抬高的尾音勉强穿过耳膜,拉回意识之外的人。
段竞洲敛了敛眸子,云淡风轻地应了一声。
“你有在听我说话吗?”丛宜歪头问他。
“抱歉,没听清。”
果然,她说话他都不理会。
不过宽以待人,丛宜一副同样大度的样子表示理解:“没关系,我原谅你了。
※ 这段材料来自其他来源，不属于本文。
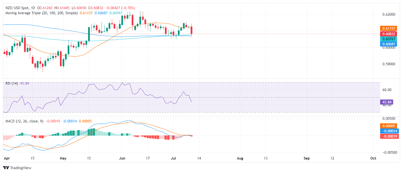 周三,纽元兑美元下跌,跌幅愈 0.70%,报 0.6080,跌去 20 日简单移动均缐(SMA)的支撑,该支撑在上周一度贝重新夺回,并使前景转為看跌。
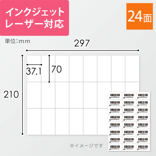 FBA納品時のバーコード印字やオリジナルラベル制作に便利な無地ラベル用紙(一片70×37.1mm)。インクジェット・レーザープリンター対応しています。宛名ラベルにもおすすめです。
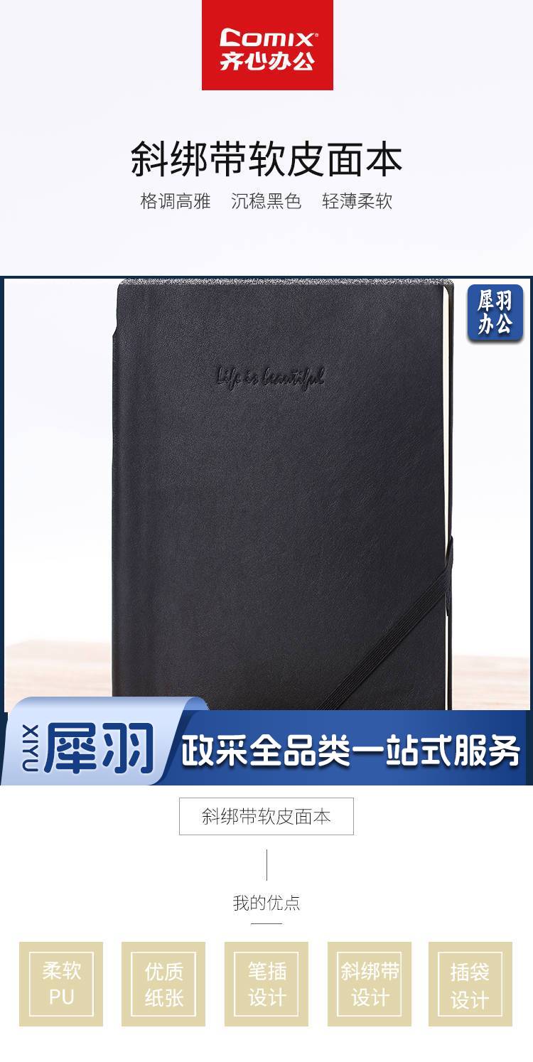 齐心(Comix) 软皮面创意斜绑带文具笔记本子/记事本/日记本 A5 98张 颜色随机 ECC5851
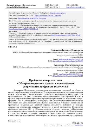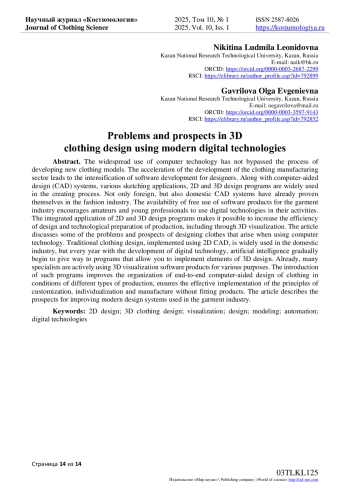 Повсеместное использование компьютерных технологий не обошло и процесс разработки новых моделей одежды. Ускорение темпов развития сектора производства одежды обуславливает интенсификацию разработки программного обеспечения для проектировщиков. На ряду с системами автоматизированного проектирования (САПР) в процессе разработки широко применяются различные приложения для выполнения эскизов, программы 2D и 3D-проектирования. В индустрии моды уже зарекомендовали себя не только зарубежные, но и отечественные САПР. Наличие возможностей бесплатного использования программных продуктов для швейной отрасли стимулирует любителей и молодых специалистов использовать цифровые технологии в своей деятельности. Комплексное применение программ 2D- и 3D-проектирования позволяет повысить эффективность конструкторско-технологической подготовки производства, в том числе за счет 3D-визуализации. В статье рассмотрены некоторые проблемы и перспективы проектирования одежды, возникающие при использовании компьютерных технологий. Традиционное проектирование одежды, реализуемое с применением 2D-САПР, широко используется в отечественной промышленности, но с каждым годом с развитием цифровых технологий, искусственного интеллекта постепенно начинают уступать место программам, позволяющим реализовывать элементы 3D-проектирования. Уже сейчас многими специалистами активно используются программные продукты 3D-визуализации для различных целей. Внедрение таких программ совершенствует организацию сквозного автоматизированного проектирования одежды в условиях разных типов производств, обеспечивает эффективную реализацию принципов кастомизации, индивидуализации и беспримерочного изготовления изделий. В статье описаны перспективы совершенствования современных систем проектирования, применяемых в швейной отрасли.

”
毕竟人都会有分神的时候。
段竞洲头一次发出一种自己难道是个变态的疑问,否则他为什么盯着人的嘴唇看……
尤其这已经是短时间之内的第三次了,第一次发生在丛宜叼着面包片给他开门的一瞬间,跟个装了雷达的死恋唇癖似的,精准无误地落到人嘴上看。
段竞洲有意移开视线,嗓音淡淡地半揶揄:“我要说谢谢吗?”
“不用。”丛宜眉眼盈盈,“你可以把螺丝刀递给我吗,最后这个好像生锈了,徒手拧不开。”
段竞洲顺势看了一眼,从工具箱里抽出工具,往她的方向凑前一步,“我来吧。”
房子年早暖气片用的时间也久,浅褐色的锈垢斑驳地嵌在螺纹与缝隙里,需要借助工具和力量。
对比两人的力量,显而易见,丛宜果断就交给段竞洲了。
金属与锈垢干涩剐蹭,摩擦声吱呀刺耳,声响粗哑滞涩,丛宜嫌弃地皱起眉心。
“离远点儿。”段竞洲出声。
“哦。”
丛宜听话应声,但也只是蹲着踽踽地往后挪动了一小步,大有跟他“同甘共苦”的仗义架势。
因为同在一处位置,空间不大,两人的距离可以说是一步之遥,段竞洲忙着,丛宜无所事事,按在膝盖上的手指一点一顿,目光飘忽。
片刻之后,发出了一声疑叹:“诶?”
听见动静,段竞洲抬眸,“怎么了?”
丛宜伸出一个手指,指着他的右耳朵,仿佛发现新大陆般惊讶,“你的耳朵着火了。”